I'm very new to routing and am looking for some advice. I have some 2'x2' MDF panels into which I want to cut approximately 1mm wide and 1-2mm deep grooves to section the panels into a tile pattern of 8" squares.

Looking around online, 3mm seems to be the smallest diameter router bit I can find with a 1/4" shank to fit into my plunge router. I did manage to find 1mm diameter spiral bits from Drill Service UK (I can't post a link as this is my first post), but they only have a 1/8" shank. These would fit into my dremel and probably get the job done, but it's far from ideal.

Is there a better way to approach this that I'm missing?

Cheers.


----------



## billg71 (Mar 25, 2011)

Get yourself a V-groove bit, use just the point by setting a shallow depth. It'll last a lot longer than a 1/8 or 1/16 or 3 mm straight bit. The bottom of the groove won't be square but you'll have the skinny lines.

HTH,
Bill


----------



## Cherryville Chuck (Sep 28, 2010)

Or use a veining bit. The gaps between tiles aren't normally square but are concave across the grout.


----------



## jw2170 (Jan 24, 2008)

Welcome to the forum, David.

If your dremel takes 1/4" bits, see if you can find a 1/8" reducing sleeve?
Or a reducing sleeve for your router?

Wealden Tools? may sell them.


----------



## OPG3 (Jan 9, 2011)

Do you have a table saw? If yes, why not just use a thin-kerf blade and set your blade to just barely cut into the ceiling tiles. I also recommend a zero-clearance insert. If you don't have a zero-clearance TS insert, you can use some 2" wide metallic tape. You can "guestimate" where the blade will come-into the tape and have another piece sticky-side up. Fully retract the blade, start the saw and raise the blade. My guess is that a 1mm router bit would not last very long. Good luck and stay safe. Don't breathe that crap!


----------



## Hamalope (Sep 23, 2012)

I don't have a table saw, that sounds like the perfect solution if I did. This whole project would have been much easier and quicker with one.

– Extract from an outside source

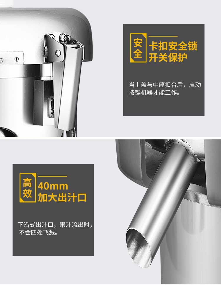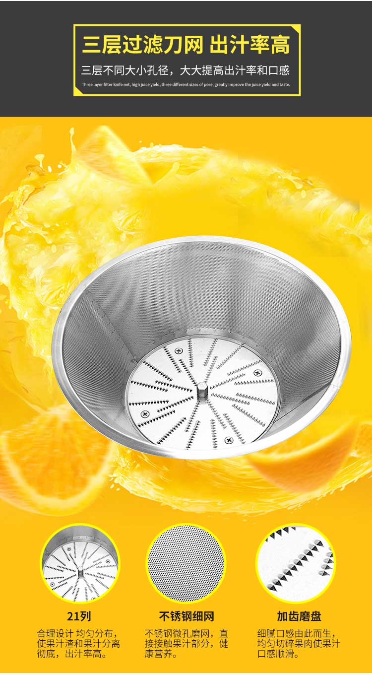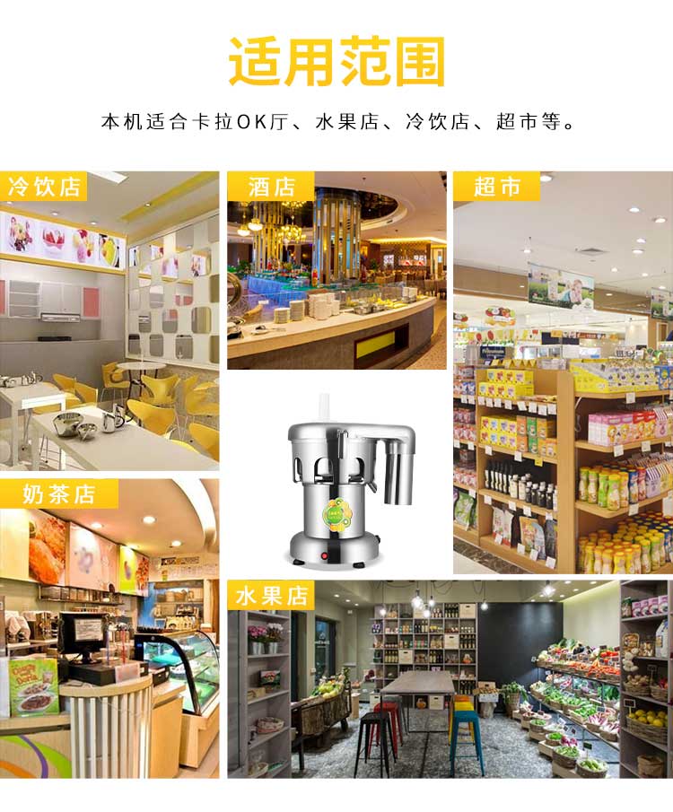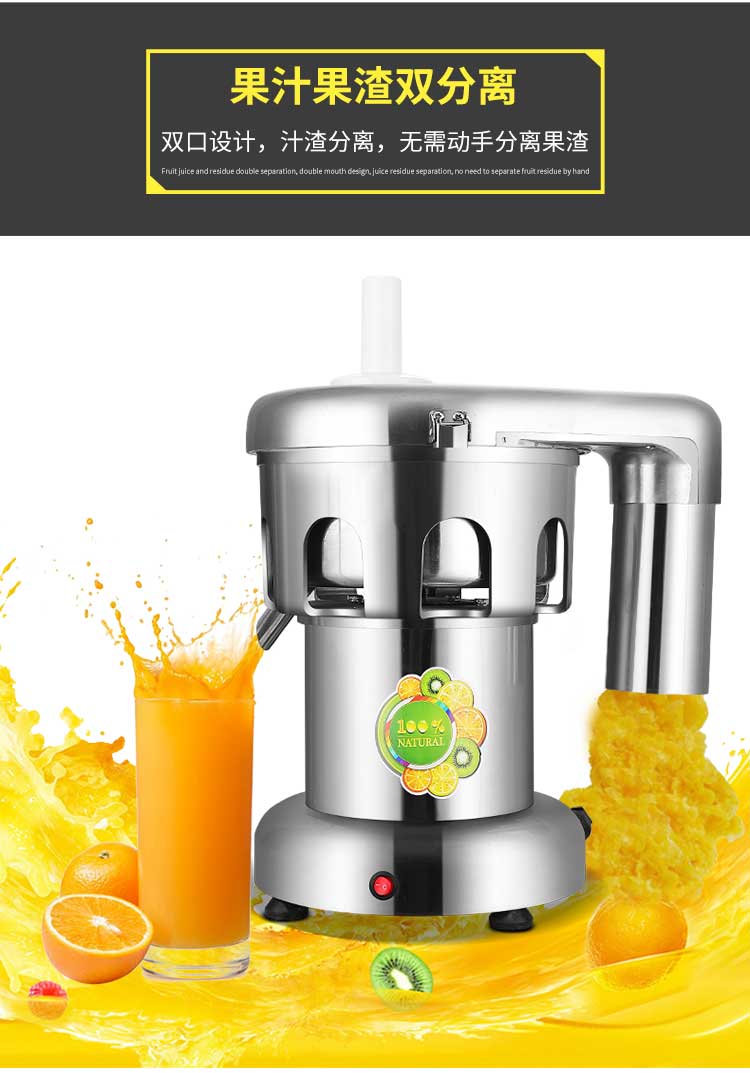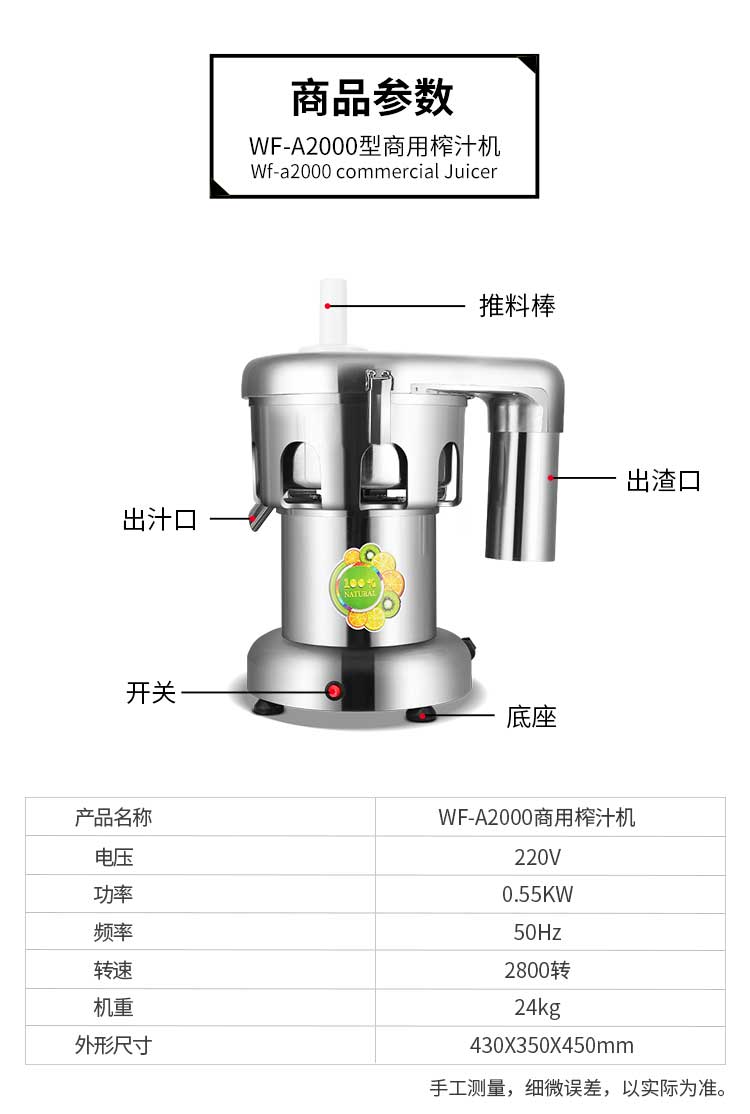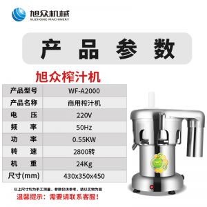 WF-A2000商用榨汁機,該機所榨出的汁液是現(xiàn)榨的原汁,不含任何人為的防腐劑、穩(wěn)定劑、色素、香精、水等,凡與榨汁接觸的原件均為不銹鋼和無毒塑料聚丙烯和 A.B.S,食用安全。
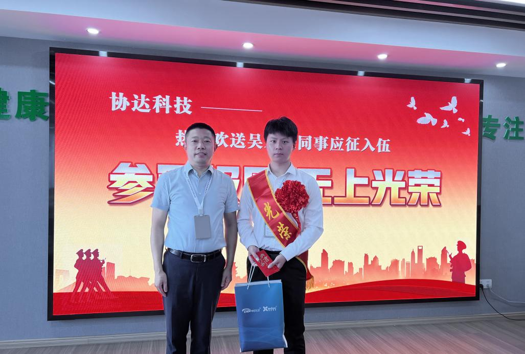 最后,陳總表達了對他殷切的希望,期望他不負囑托、努力拼搏,在軍營里譜寫出無悔壯麗的青春!并承諾協(xié)達的大門永遠為你們敞開,公司將保留入伍員工的崗位,退伍之后可隨時回崗,協(xié)達期待你們早日立功的喜訊!

Thanks James, Walden Tools do sell reducing sleeves which would fit my router but from what I read they're prone to slipping. However they also sell 1mm 1/4" shank bits which is exactly what I was looking for!

I think I'll try Bill's idea of using the point of a V-groove bit first and if that doesn't work out, I'll pick up a 1mm bit from Walden and hope it lasts long enough to finish the job.

Thanks for all the advice, guys!


----------



## pal (Feb 13, 2008)

Hi David here is a place in Hong Kong for 1/8" router bithttp://www.ebay.com.au/itm/Carbide-Tipped-1-4-Shank-Dia-Straight-Router-Bit-Tool-/150890728178?pt=AU_HardwareParts&hash=item2321c9caf2 cheap and free postage.

Harold


----------



## Phil P (Jul 25, 2010)

Hi david

Wealden Tool sell 1mm diameter routing bits (see ref. T201W) on a 1/4in shank in the UK. Excellent service (generally next day) and very friendly bunch of people. I believe that Titman may also do similar size cutters. I'm against using veining (narrow V-cutters) on MDF because they tend to lose sharpness very, very quickly in my experience. Small cutters like these require very careful handling as they are quite delicate

Regards

Phil


----------